Return the entries below word for word; no images should appear in the copy.

+-------+

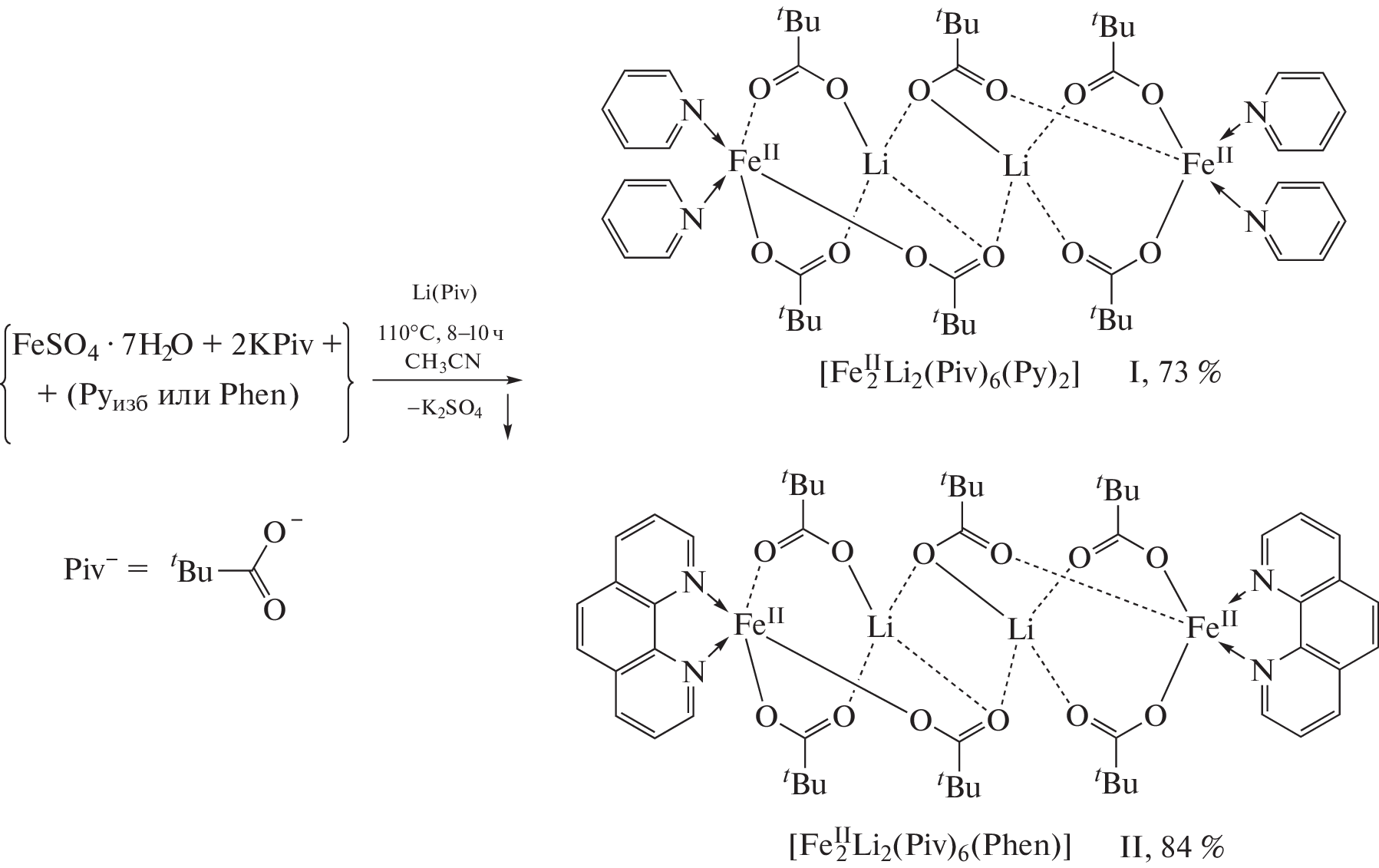 The multicomponent chemical reactions of Fe(SO4)∙7H2O, Li(Рiv), K(Рiv) (Рiv is pivalate anion), and heterocyclic N-donor ligands (pyridine (Рy), 1,10-phenanthroline (Рhen)) in anhydrous acetonitrile under an inert atmosphere afford new heterometallic tetranuclear complexes [FeII2
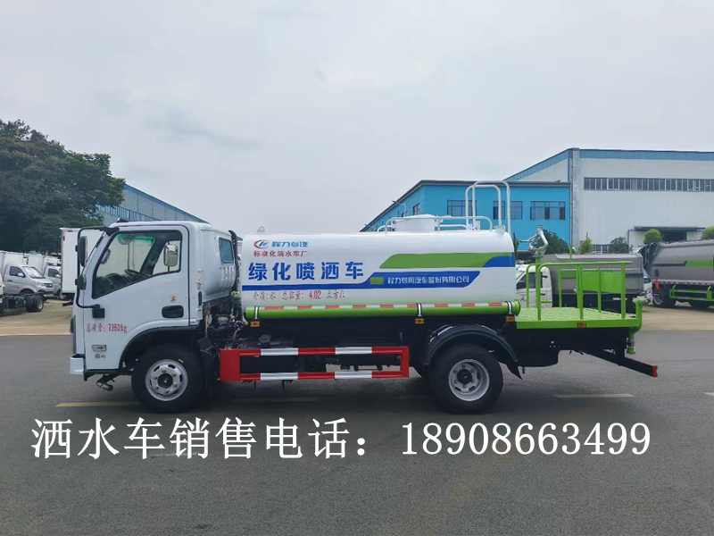 罐體有效容積5立方,罐體采用國標Q235碳鋼,罐體厚度4mm,自吸自排水泵,帶前沖裝置,后灑裝置,左右側噴裝置,尾部帶有安全操作平臺,帶消防接口,自流口,兩根輸水管,尾部綠化高炮,綠化高炮可調節直沖,大雨,中雨,毛毛雨霧,可以連續調節,360度旋轉;
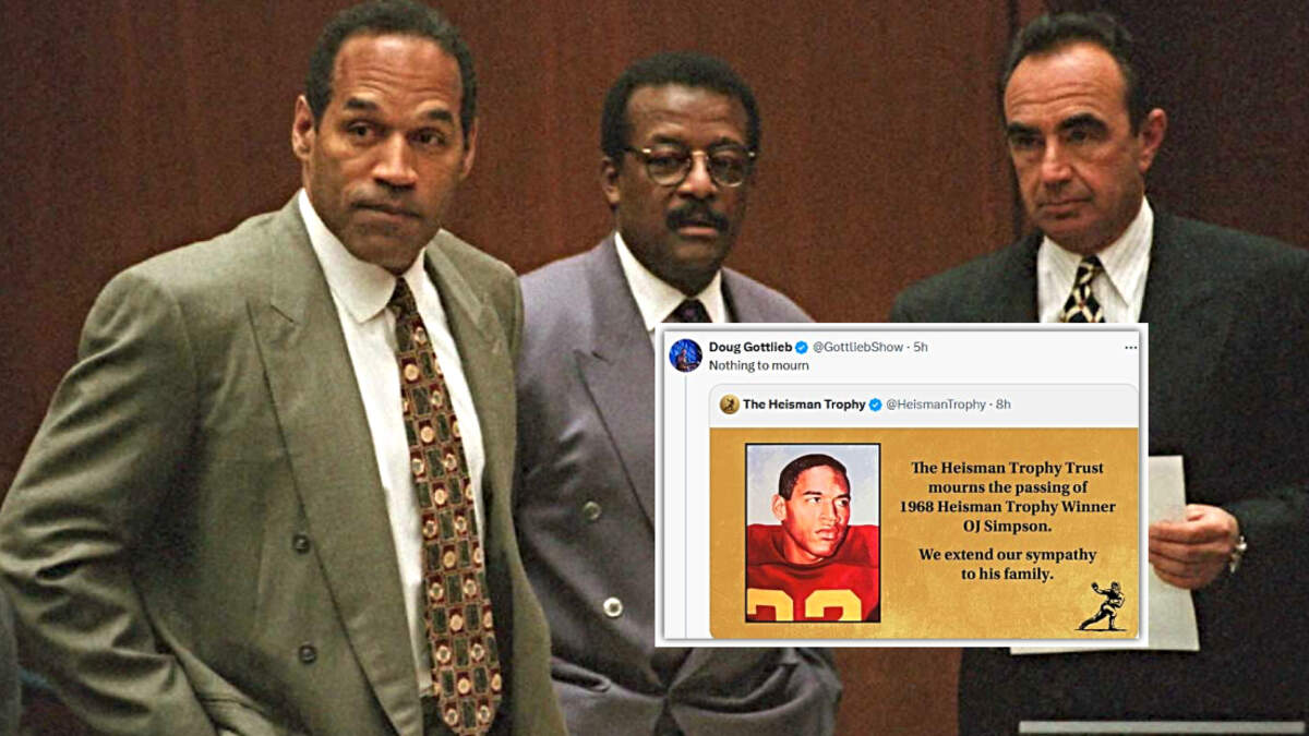 And you got some people, and I’ll pull out my X account where ‘the Heisman Trophy Trust mourns the passing of the 1968 Heisman winner OJ Simpson. We extend sympathy to his family.’ That’s fine, but I said ‘nothing to mourn.’ Some dude named Cerrone Battle, who does NBC Sports in Boston and 985 the Sports Hub, he actually has 4.8 thousand followers, this was actually his tweet to me: ‘Why not? What did he do that makes him not worthy of being mourned?’... Like, really?
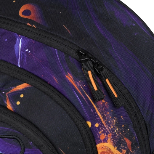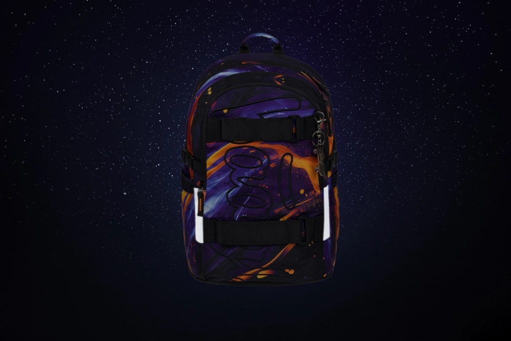 Notranjost sestavljajo trije ločeno zapirljivi predeli s praktičnim organizatorjem ter oblazinjen žep za 15" prenosnik ali tablico. Zanesljive zadrge YKK omogočajo gladko odpiranje, medtem ko trakovi na sprednji strani nahrbtnika omogočajo pritrditev rolke ali jakne. Ne manjkajo niti stranski žepi iz trpežnega materiala, usklajeni z dizajnom, idealni za steklenico. Priložen je tudi stilski obesek, nahrbtnik pa lahko uskladite s peresnico ali vrečko v istem motivu.
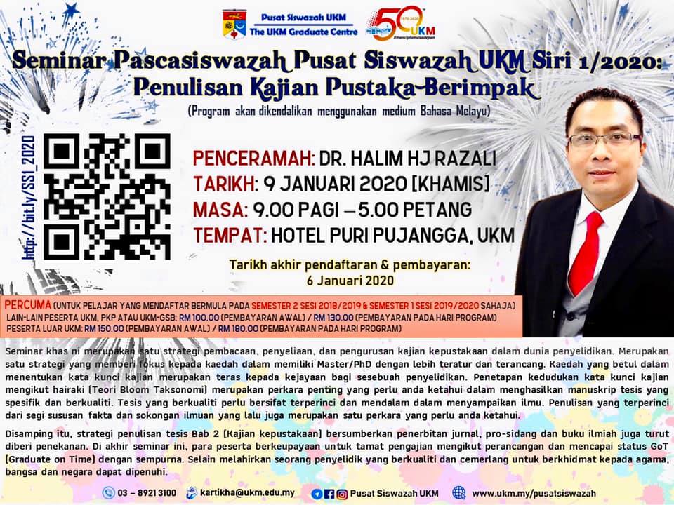 Seminar Pascasiswazah Pusat Siswazah UKM Siri 1/2020: Penulisan Kajian Pustaka Berimpak
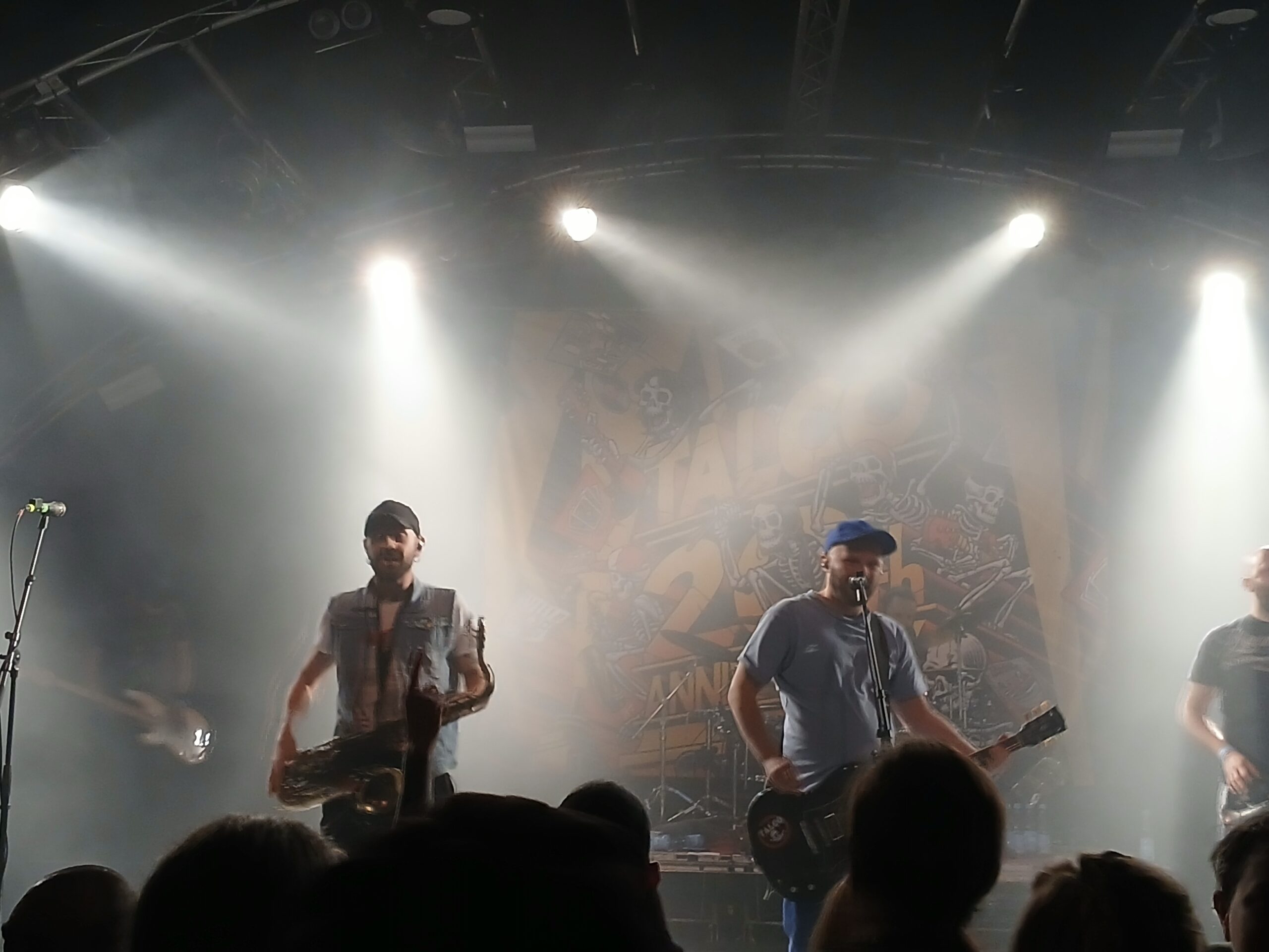 Tja und dann war ich sofort völlig begeistert. Talco schaffen es, sowohl an dem beschriebenen Rodeo-Abend als auch heute, mich musikalisch komplett umzuhauen. Der Trompeter macht einen unglaublich guten Job. Gefühlt kenne ich keine Band, bei welcher der Sound dieses Instruments druckvoller und präsenter wäre. Allgemein wirkt der ganze Sound sehr musikalisch und tanzbar. Ihre Herkunft merkt man den Jungs ebenfalls an, denn teilweise sind klar erkennbare Einflüsse von italienischer Volksmusik zu erkennen. Auch Balkansounds sind – gefühlt zumindest – enthalten. Zudem ist die Musik super schnell, perfekt zum Pogo. Auch der Moshpit ist heute hart, aber absolut nicht bösartig. Es ist für mich schon immer eine Art Gradmesser, was für ein Publikum eine Band anzieht. Das heutige beherrscht den „Schubsetanz“ sehr gut, hilft Menschen am Boden, lächelt sich gegenseitig an und klopft sich auch öfter mal auf die Schulter. Dafür eine Runde Applaus meiner Seite. Trotzdem sollte mein Rücken am Ende ziemlich die Schnauze voll haben.

+-------+

RESULT BELOW:
 The multicomponent chemical reactions of Fe(SO4)∙7H2O, Li(Рiv), K(Рiv) (Рiv is pivalate anion), and heterocyclic N-donor ligands (pyridine (Рy), 1,10-phenanthroline (Рhen)) in anhydrous acetonitrile under an inert atmosphere afford new heterometallic tetranuclear complexes [FeII2
 罐體有效容積5立方,罐體采用國標Q235碳鋼,罐體厚度4mm,自吸自排水泵,帶前沖裝置,后灑裝置,左右側噴裝置,尾部帶有安全操作平臺,帶消防接口,自流口,兩根輸水管,尾部綠化高炮,綠化高炮可調節直沖,大雨,中雨,毛毛雨霧,可以連續調節,360度旋轉;
 And you got some people, and I’ll pull out my X account where ‘the Heisman Trophy Trust mourns the passing of the 1968 Heisman winner OJ Simpson. We extend sympathy to his family.’ That’s fine, but I said ‘nothing to mourn.’ Some dude named Cerrone Battle, who does NBC Sports in Boston and 985 the Sports Hub, he actually has 4.8 thousand followers, this was actually his tweet to me: ‘Why not? What did he do that makes him not worthy of being mourned?’... Like, really?
 Notranjost sestavljajo trije ločeno zapirljivi predeli s praktičnim organizatorjem ter oblazinjen žep za 15" prenosnik ali tablico. Zanesljive zadrge YKK omogočajo gladko odpiranje, medtem ko trakovi na sprednji strani nahrbtnika omogočajo pritrditev rolke ali jakne. Ne manjkajo niti stranski žepi iz trpežnega materiala, usklajeni z dizajnom, idealni za steklenico. Priložen je tudi stilski obesek, nahrbtnik pa lahko uskladite s peresnico ali vrečko v istem motivu.
 Seminar Pascasiswazah Pusat Siswazah UKM Siri 1/2020: Penulisan Kajian Pustaka Berimpak
 Tja und dann war ich sofort völlig begeistert. Talco schaffen es, sowohl an dem beschriebenen Rodeo-Abend als auch heute, mich musikalisch komplett umzuhauen. Der Trompeter macht einen unglaublich guten Job. Gefühlt kenne ich keine Band, bei welcher der Sound dieses Instruments druckvoller und präsenter wäre. Allgemein wirkt der ganze Sound sehr musikalisch und tanzbar. Ihre Herkunft merkt man den Jungs ebenfalls an, denn teilweise sind klar erkennbare Einflüsse von italienischer Volksmusik zu erkennen. Auch Balkansounds sind – gefühlt zumindest – enthalten. Zudem ist die Musik super schnell, perfekt zum Pogo. Auch der Moshpit ist heute hart, aber absolut nicht bösartig. Es ist für mich schon immer eine Art Gradmesser, was für ein Publikum eine Band anzieht. Das heutige beherrscht den „Schubsetanz“ sehr gut, hilft Menschen am Boden, lächelt sich gegenseitig an und klopft sich auch öfter mal auf die Schulter. Dafür eine Runde Applaus meiner Seite. Trotzdem sollte mein Rücken am Ende ziemlich die Schnauze voll haben.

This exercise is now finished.